Unlike prior works that retain and replay visual features, our method is centered around leveraging the stability of the semantic (textual) space to constrain the evolution of the visual space. This semantic stability stems from two key aspects: (1) the use of prompt-based textual descriptions enhances inter-class separability in the pretrained language model, thereby improving the lower bound of semantic representation quality; and (2) the text encoder remains completely frozen throughout the incremental learning process, unaffected by streaming data. Based on this, we align the continuously updated visual features with the stable semantic structure derived from language, effectively mitigating catastrophic forgetting.
We hope this helps to clearly distinguish our approach from previous works.

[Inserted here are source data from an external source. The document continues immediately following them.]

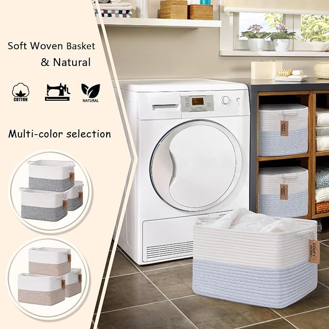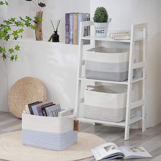- MEDIUM BASKETS FOR ORGANIZING: 13.5''Lx11''Wx 9.5''H, Cotton rope baskets can be used in baby room, kid’s room, nursery, living room, bathroom, office. And are very ideal for storing books, toys, clothes,towels. It's a great way to store them out of sight
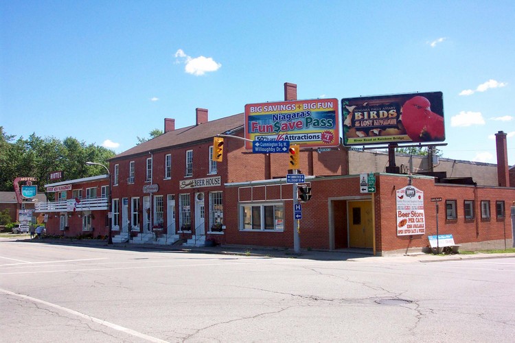 - From left to right, Niagara Parkway Court Motel, Chippawa Computers, Lulu's Antiques Art Collectibles, and Sudda Beer House ; Main Street, Cummington Square and Willoughby Drive intersection ;
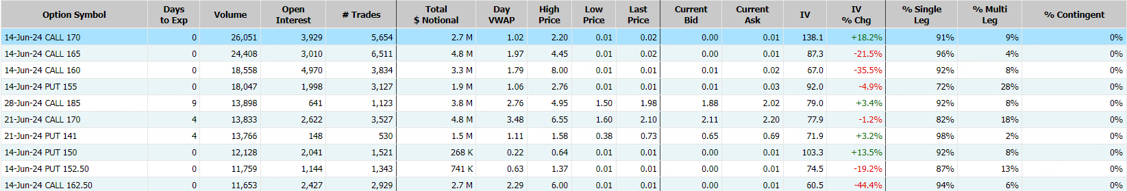 上周五,Arm股价一度大涨6%创历史新高,但随后转跌。期权合约成交40.85万张。较90日均量放大2.5倍。当日到期的170美元的行权看涨期权交易量特别高,共有26,051份合约交易。

Thank you again for your valuable feedback.
The paper tackles unsupervised class-incremental learning (UCIL), where models learn from a stream of unlabeled data without forgetting previously acquired knowledge. Traditional methods rely heavily on visual clustering, which often produces noisy pseudo-labels. This work proposes a dual-space approach that fuses visual and textual representations to generate more reliable pseudo-labels.
Strengths:
-
The paper offers a compelling motivation by addressing the problem of inaccurate pseudo-labels in continual learning, clearly identifying a research gap and justifying its importance.
-
The proposed method is both novel and insightful, intelligently integrating large multimodal models with a coarse-to-fine prompting strategy to deliver robust semantic supervision for unlabeled data streams.
-
The method achieves strong experimental results, and ablation studies convincingly validate the importance and effectiveness of each component in the framework.
-
The manuscript is exceptionally well-written and well-structured, making the content easy to follow and understand.
Weaknesses:
-
The prototype-based component remains somewhat conventional compared to more radical continual learning techniques.
-
It is not fully clear whether the claim that language semantics are inherently more stable than visual features is sufficiently substantiated or risks subjectivity.
Final Recommendation:
The initial reviewer ratings were mixed. During the rebuttal phase, the authors provided additional explanations and introduced new experimental results that addressed all major concerns. After rebuttal, reviewers reached a strong and consistent consensus that this paper makes significant contributions and should be accepted.